Objective: The objective of the study was to understand the factors associated with presurgical and postsurgical blood loss and blood ingredients among patients in the treatment of mandibular prognathism by intraoral vertical ramus osteotomy combined genioplasty.
Methods: Preoperative and postoperative values of blood loss and blood ingredients were collected from 30 mandibular prognathic patients who underwent orthognathic surgery. The linear regression models and correlation coefficients were used to identify factors with respect to patients' blood loss level and 3 types of blood ingredients (ie, red blood cells, hemoglobin, and hematocrit).

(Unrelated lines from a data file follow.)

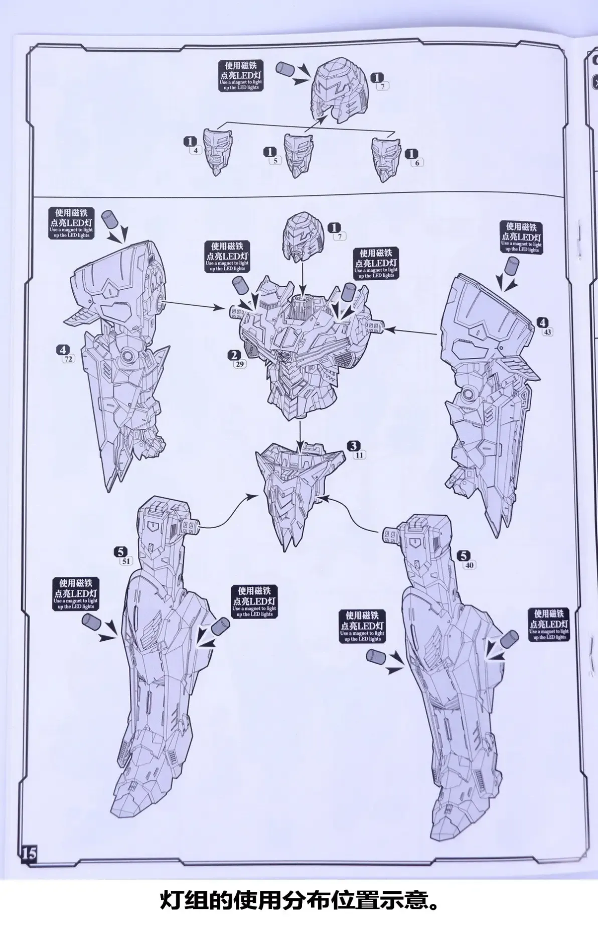크기는 약 22cm, 런너는 크고 작은 걸 포함해서 45장이며 가슴/어깨/다리에 자석 ON/OFF 가능한 LED 유닛이 들어가는군요. 런너 9장이 사전 도색 처리되어서 순조만으로 꽤 괜찮은 색 분할을 보여주며, 일부 파츠는 부분 도색도 되어 있는 모습입니다. 사출 품질은 별 문제 없이 꽤 무난하네요. 큼지막한 베이스와 스탠드도 동봉되고, 가격은 248위안입니다.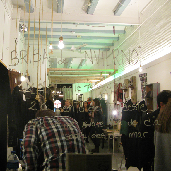 On Wednesday November 20th we were invited to the presentation «Brisa de invierno» collection by Maria Roch, a young designer who succeeds where she goes. We met her before at The Changing Room (here) and we wanted to know about her FW 13/14 collection. The ROOM store in C/Laforja 112 became the place to be: champaign, cupcakes, popcorn, DJ, familiar faces and clothes, lots of clothes.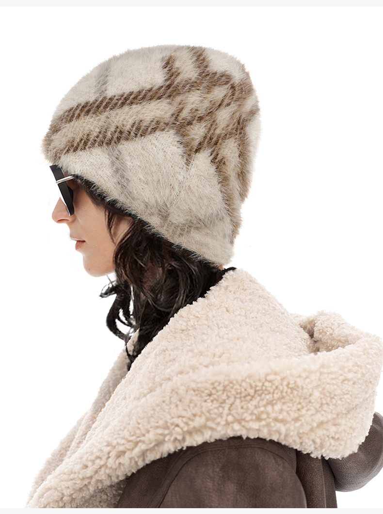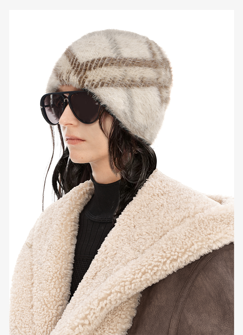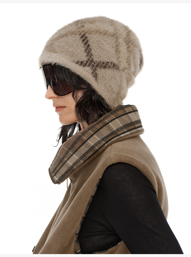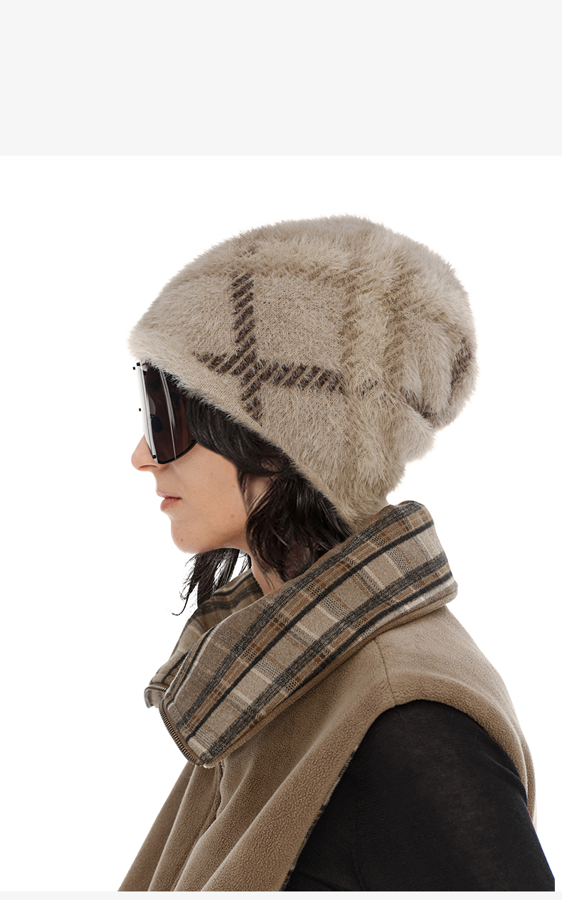 NUTH 正反两面戴保暖格纹毛绒针织冷帽女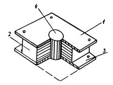 1 - пластина, прикрепляемая к пролетному строению; 2 - резиновая прокладка: 3 – пластина, прикрепляемая к опоре; 4 - свинцовый сердечник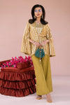 Sequinned tailored lime green front open jacket with wide legged pants and inner.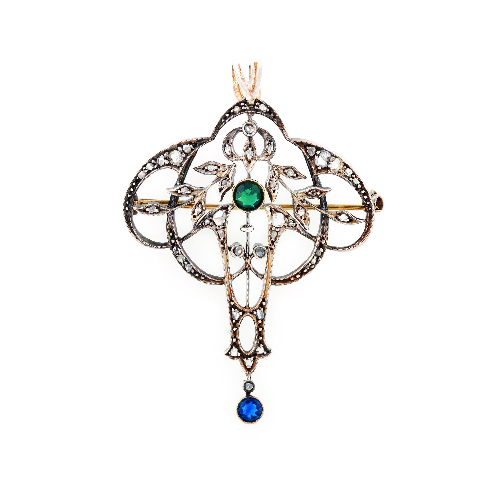 424. Broşă-pandantiv din aur şi argint, decorată cu safire şi diamante, cca. 1900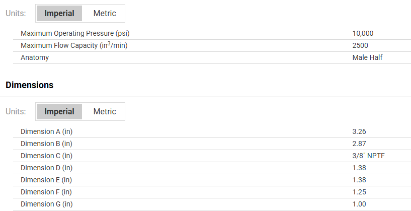 The C-Series High Flow Hydraulic Coupler is the standard used on most Enerpac pumps and cylinders up to 10,000 psi (700 bar). These 3/8" high flow couplers provide a quick and secure connections, allowing a flow up to 2100 in3/min (35 liters) per minute.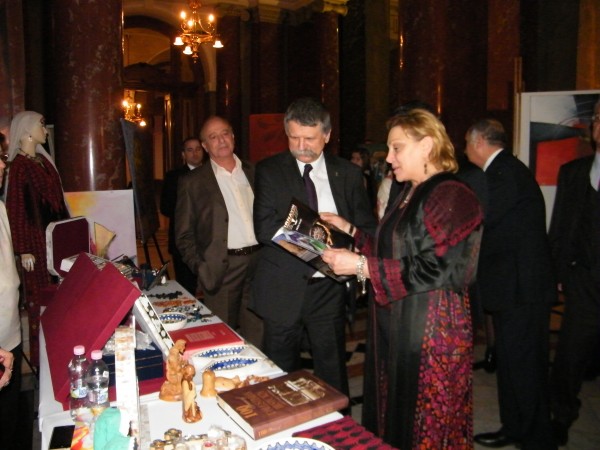 وزار رئيس البرلمان الهنغاري الأجنحة العربية المشاركة و توقف أمام جناح سفارة دولة فلسطين حيث شرحت سفيرة فلسطين في هنغاريا ماري أنطوانيت سيدن مضامين اللوحات و الصناعات التقليدية الفلسطينية و نماذج تراثية.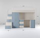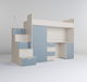 Set do detskej izby obsahuje praktické riešenia pre menšie interiéry. Vyrobené z kvalitnej MDF dosky, s akrylovým povrchom dvierok a zásuviek s hrúbkou 0,8 mm. Súčasťou sú detská posteľ, PC stolík, skriňa a schody. Rozmery posteľ: 180 x 204 x 86 cm, PC stolík: 75,5 x 140 x 50 cm, skriňa: 138 x 60 x 50 cm, schody: 133,5 x 50 x 120 cm. Nosnosť až 80 kg. Rošt latový, plocha spania 80x200 cm. Odporúčaný penový matrac s výškou 15 cm. Úložný priestor zabezpečujú skriňa a PC stolík.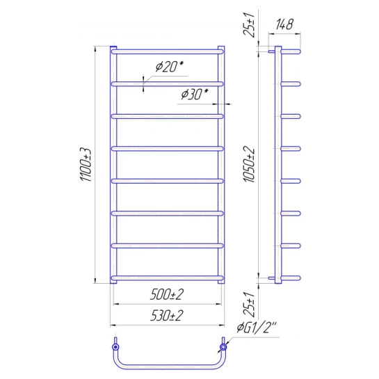 Виробник: Mario Колекція: Стандарт НР 1100х530/500 Артикул: 1.3.0203.01.P Підключення: На гарячу воду Колір: Хром Гарантія: від виробника Висота 1100 мм Ширина 530 мм Глибина 170 мм Міжцентрову відстань 500 мм Кількість ребер: 8 Діаметр підключення: G 1/2 '' Обсяг 2.4 л Вага 5.9 кг Рекомендована потужність ТЕНа (MEG / REG / MOA), W 200 Матеріал: нержавіюча сталь Марка стали: AISI 304 Країна-виробник: Україна Комплект поставки: полотенцесушитель - 1 шт. комплект кріплень - 1 шт. кран Маєвського - 1 шт. заглушка - 1 шт. паспорт - 1 шт. коробка - 1 шт.

Results: The mean blood loss and operation time were 179.2 mL and 311.7 minutes, respectively. No blood transfusion was received by our patients. After adjusting for potential factors, the regression models showed that no significant factor was found to be associated with blood loss and reduce blood ingredients. Moreover, female patients were found to be more likely to have a low level of presurgical blood ingredients (β = −0.293 to −3.551; P < 0.05), whereas female sex (β = −1.606 to −4.008; P < 0.001), a high blood loss level (β = −0.003 to −0.009; P < 0.05), and long operation time (β = −0.005 to −0.018; P < 0.05) were associated with a low level of postsurgical blood ingredients (ie, hemoglobin and hematocrit).
Conclusions: No significant factor was associated with blood loss and reduced blood ingredients among patients in orthognathic surgery with hypotenstive anesthesia. Improvements in anesthesia provided surgeons with more time to promote hemostasis during surgery. Hypotensive anesthesia was a well-accepted method to reduce blood loss during orthognathic surgery.